The next day she works for hours at the music library, organizing all the parts in the piece. She makes sure no instrument is left out, carefully marks the cues and phrases for each one. At twilight she returns to the orchestra’s office, carrying in her arms a sizable bundle of scores, and sees the weary musicians get off the bus that has brought them home from Germany and help each other unload instruments from the truck that followed. She watches from afar as her harp is slowly wheeled to the storeroom, but does not yet approach it. Everyone is glad she is back. The aged flutist overflows with affection and calls over a tall, pale woman with hard eyes and a bitter smile. This is Christine, her understudy. Belgian, from Antwerp, French by tongue and temperament, awkward in English and Dutch.

“Your harp, it has a strong sound,” she informs the Israeli. “I tried to play it gently.”

“Thank you,” says Noga, extending her hand to the woman, whose belly, under a light pastel sweater, signals early pregnancy.

“And what is happening with your mother?” asks the harpist who took her place in the Mozart.

“Yes, what did she decide?” chimes Manfred.

Other musicians, despite their fatigue and eagerness to get home, want to know what an old mother in faraway Jerusalem has decided.
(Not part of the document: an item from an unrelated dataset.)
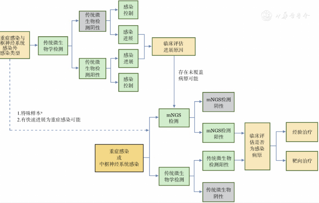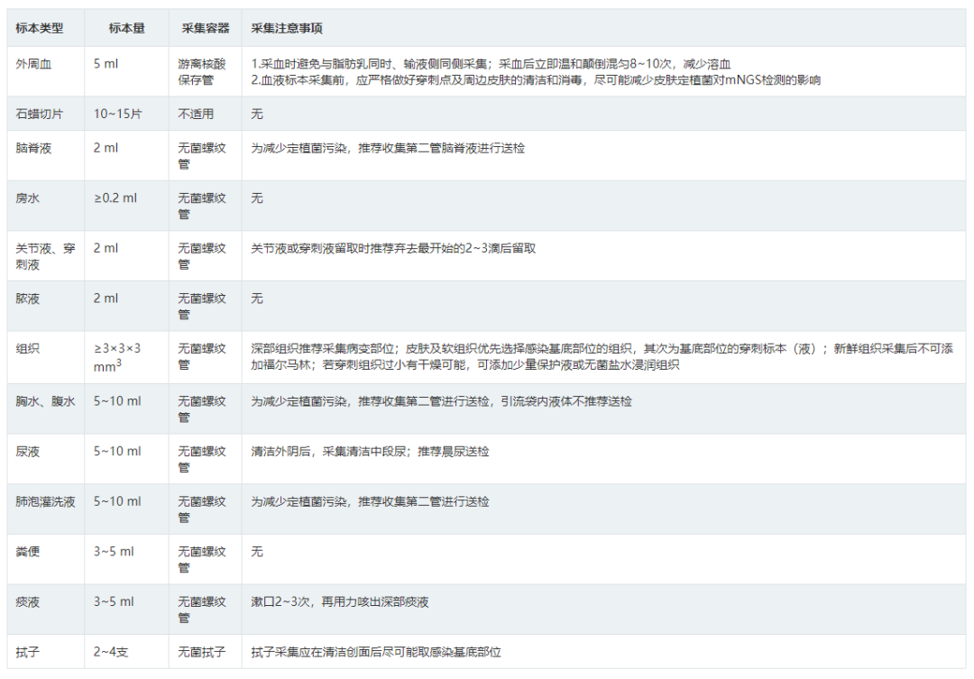 共识1:感染是血液病患者常见的并发症,当疑似感染发生时,应首先选择传统微生物学检测,仅在特殊情境下谨慎选择病原mNGS检测。 图1:血液病患者病原宏基因组二代测序(mNGS)送检流程图 1、中性粒细胞缺乏(粒缺)伴发热 共识2:低危且无明显感染灶的患者,如经验抗菌药物治疗≥7 d未明显好转可考虑在送检血培养的同时送检外周血标本mNGS;高危患者初始经验性治疗72~96 h无效时,推荐送检传统微生物学检测的同时送检血液mNGS。 2、血流感染(BSI) 共识3:疑似BSI患者,在留取血培养标本的同时留取血浆样本,于-80 ℃暂存;如72 h内血培养阴性且抗感染治疗无改善的患者,推荐将留存样本进行mNGS。疑似脓毒症的重症患者,建议送检血培养同时送检血mNGS。 3、下呼吸道感染 共识4:下呼吸道感染患者首选支气管肺泡灌洗液(BALF)送检传统微生物学检测,难以进行支气管肺泡灌洗的患者,可以选择深部痰进行检测,并同时留取标本冻存。如抗感染治疗≥72 h感染症状无好转或影像学表现持续加重的患者,建议送检留存标本行mNGS检测。如为重症下呼吸道感染或有快速进展为重症的危险因素患者,建议同时送检传统微生物学检测及mNGS。 4、中枢神经系统感染(CNSI) 共识5:疑似CNSI,推荐脑脊液在送检传统微生物学检测的同时送检mNGS,在流程上建议选择DNA检测,仅在考虑RNA病毒感染时完善RNA检测流程。 5、肠道或腹腔感染 共识6:疑似肠道感染患者推荐首选传统微生物学检测,粪便样本病原mNGS检测可作为补充。疑似腹腔感染,首选感染部位样本送检,如不能获得感染部位样本可选择血液样本送检,但检出性能有限,不作为常规推荐。 6、皮肤软组织感染 共识7:推荐对累及深部或播散性的皮肤软组织感染患者,在完善感染部位标本传统微生物学检测的同时送检mNGS,如不能获得感染灶局部样本,可选择外周血。 7、泌尿系统感染 共识8:对于复杂性泌尿系统感染、移植后泌尿系统感染在完善传统微生物学检测后不能获得病原学证据或治疗不佳的患者可尝试尿液mNGS。 共识9:对于病原mNGS检测样本,应首选从感染部位直接采集,若无法采集可考虑外周血标本送检。 推荐首选病变部位穿刺或手术采样,如不能获得该类样本,在选择邻近部位样本时应尽量减少正常菌群和定植菌的干扰。在样本采集后应尽快转运至实验室进行检测,以减少核酸降解。不同样本采集及注意事项见 表1 。多种感染类型血液中病原载量均低于感染部位样本,所以仅推荐血液作为替代样本送检。对于无明显感染灶、感染部位样本取材困难、经临床及实验室评估存在病原和(或)核酸入血的情况可进行血液mNGS。mNGS检测结果依赖于标本质量,标本采集与运输中应严格执行无菌操作与尽快转运原则。液体样本一般送检第二管以减少穿刺部位皮肤定植菌干扰。 表1:宏基因组二代测序(mNGS)感染标本送检类型及注意事项 报告解读 共识10:致病性明确且罕见定植的微生物,低序列检出也应考虑其为致病菌可能。 图2:不同微生物在血液病患者常见临床样本中检出的临床价值判断(注 /:该类感染未见报道或该病原罕见检出;±:定植或无明确致病意义;+:条件致病菌,可为感染病原同时也可存在无症状检出,建议结合临床与传统检测共同参考;++:条件致病菌,多数检出为感染病原;+++:检出应高度考虑是致病病原,传统微生物检测阴性不能除外感染。a多数凝固酶阴性葡萄球菌可为定植菌或背景菌,少数除外(如路邓葡萄球菌);b EBV引起的肺炎罕见,造血干细胞移植后EBV检出可与罕见的肺部淋巴组织增生性疾病有关) 共识11:无菌采集获得的样本检出病原,应结合临床考虑致病微生物的可能,但需注意排除定植。 对于外周血、组织、脑脊液、胸腹水及其他穿刺液等正常无菌样本,mNGS检出的细菌与真菌应结合当地感染流行病学、患者感染部位及定植情况考虑其是否为致病病原。样本中单一高序列细菌或真菌检出往往代表其是致病微生物可能性较高,而对于多种微生物检出,其解读应结合检出病原的常见定植部位及可能的微生物或其核酸的入血途径进行判断。例如,肠道或腹腔感染时,肠道黏膜屏障的破坏可引起多种肠道微生物(或其核酸)入血,血液mNGS可出现多种微生物检出的可能,一方面不能除外发生混合病原BSI,另一方面也可能仅为核酸入血。 共识12:外周血样本mNGS报告中DNA类病毒检出常见,并非均为感染病原。 共识13:非无菌样本的结果应结合临床、标本类型、传统微生物学检测结果共同判断。 共识14:耐药基因的检出,应在充分考虑基因型与耐药表型对应性的基础上进行判断。 不同细菌耐药基因与表型的一致性差异较大,部分耐药基因可存在携带而不表达的情况,如铜绿假单胞菌、阴沟肠杆菌染色体携带AmpC基因但其未必表达,AmpC基因检出不等同于耐药;而部分基因一旦检出则应高度考虑耐药的存在,如常见的碳青霉烯类耐药基因。常见耐药基因与表型一致性较高,且属于重点关注的耐药菌及其耐药基因包括:肠杆菌目细菌NDM、KPC基因-碳青霉烯类耐药,blaCTX-M基因-广谱头孢菌素耐药;金黄色葡萄球菌mecA基因-常见β内酰胺类耐药;鲍曼不动杆菌blaOXA-23基因-碳青霉烯耐药;屎肠球菌vanA或vanB基因-万古霉素耐药。 对于非无菌部位样本,如痰液、BALF等,多种微生物检出常见,其耐药基因的检出应考虑与病原的对应情况,例如mecA基因的检出可能出自金黄色葡萄球菌,但也可

These Dutch people have no other worries, Noga thinks, chuckling to herself. Their wars ended seventy years ago, and they glow with self-satisfaction. They knew when to give up their colonies in Southeast Asia and have been spared the new wave of terrorism. The euro is stable, their economy is strong, and unemployment is low — so all they have left to worry about is my mother.

“She decided to stay in Jerusalem,” she tells the musicians gathered around her, “which I expected all along.”

In the evening there is still no answer in Jerusalem, and the daughter leaves a voicemail message: “Where’s the new heiress?” She immediately phones her brother, who spoke with the mother in the afternoon, and reports that now she’s complaining that because of the experiment they imposed on her, she barely saw her daughter in those three months. From now on, will she have to meet her only in films?

Her mother calls that night. Yes, she’s been spending time in town, with friends in cafés, going to movies, but the Uriah story has stayed with her. “Your visit, Nogaleh, still hovers over me like a dream. You were in Israel for three months and I barely saw you. I did learn from you to wander at night from bed to bed, but my sleep is hardly sound.

Noga tells her about the change in repertoire, the trip to Japan and about The Sea of Debussy, which in French sounds identical to la mère, the mother. “So in Japan,” she consoles her mother, “I’ll be playing you on my harp.”

“At least that,” sighs the mother, ending the conversation.